However, a drawback of this method lies in that the maximum
brightness is lowered, and the contrast is lowered along with the
degradation of the pixel. To correct this lowered maximum
brightness, it may be possible to adopt a method which increases a
voltage applied to the pixel or a method which changes a gray-scale
voltage. However, these methods generate an analogue voltage using
a voltage generation circuit and change the generated analogue
voltage and hence, an analogue control becomes complicated.
[0038] In this embodiment, the control is simplified by adopting a
digital control in place of the analogue control.

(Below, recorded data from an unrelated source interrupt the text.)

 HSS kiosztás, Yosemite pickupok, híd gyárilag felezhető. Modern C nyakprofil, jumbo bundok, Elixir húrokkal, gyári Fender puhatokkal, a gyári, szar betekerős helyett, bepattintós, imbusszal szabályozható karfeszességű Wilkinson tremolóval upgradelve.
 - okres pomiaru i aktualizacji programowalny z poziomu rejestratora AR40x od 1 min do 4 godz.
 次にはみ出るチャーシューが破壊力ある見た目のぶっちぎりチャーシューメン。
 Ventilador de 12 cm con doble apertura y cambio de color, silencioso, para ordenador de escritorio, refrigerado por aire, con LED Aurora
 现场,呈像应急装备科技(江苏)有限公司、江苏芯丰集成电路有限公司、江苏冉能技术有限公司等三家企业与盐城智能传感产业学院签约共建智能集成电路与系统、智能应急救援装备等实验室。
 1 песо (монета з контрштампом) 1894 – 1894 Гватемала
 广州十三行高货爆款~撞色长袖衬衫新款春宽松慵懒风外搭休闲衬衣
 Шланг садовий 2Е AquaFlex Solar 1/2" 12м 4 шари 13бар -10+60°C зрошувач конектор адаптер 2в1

That is, the
control indicated by a solid line 45 shown in FIG. 5A is performed.
The control is explained in conjunction with a method for setting a
power source voltage of the display-use voltage source 9.
[0039] When the solid line 45 is translated, the power source
voltage is set such that the brightness 46 at the 60th gray scale
and the brightness 43 at the 63rd gray scale become equal to each
other and, at the same time, the brightness 47 which exceeds the
maximum brightness is acquired at the 63rd gray scale on the solid
line 45. This power source voltage is not changed after being
set.
[0040] Here, 4 gray scales ranging from the 60th gray scale to the
63rd gray scale, that is, the gray scales corresponding to 2 bits
are used as correction-use gray scales. In an initial state with no
degradation of brightness, the display data ranging from the 0th
gray scale to the 63rd gray scale is converted into a display data
ranging from the 0th gray scale to the 60th gray scale, and the
maximum brightness is maintained. Thereafter, when the brightness
47 is lowered toward the brightness 43 due to the degradation of
brightness and a degradation rate exceeds an amount corresponding
to 1 gray scale, the converted gray scales of the display data are
increased by 1 gray scale. That is, the display data ranging from
the 0th gray scale to the 60th gray scale is converted into display
data ranging from the 0th gray scale to the 61st gray scale.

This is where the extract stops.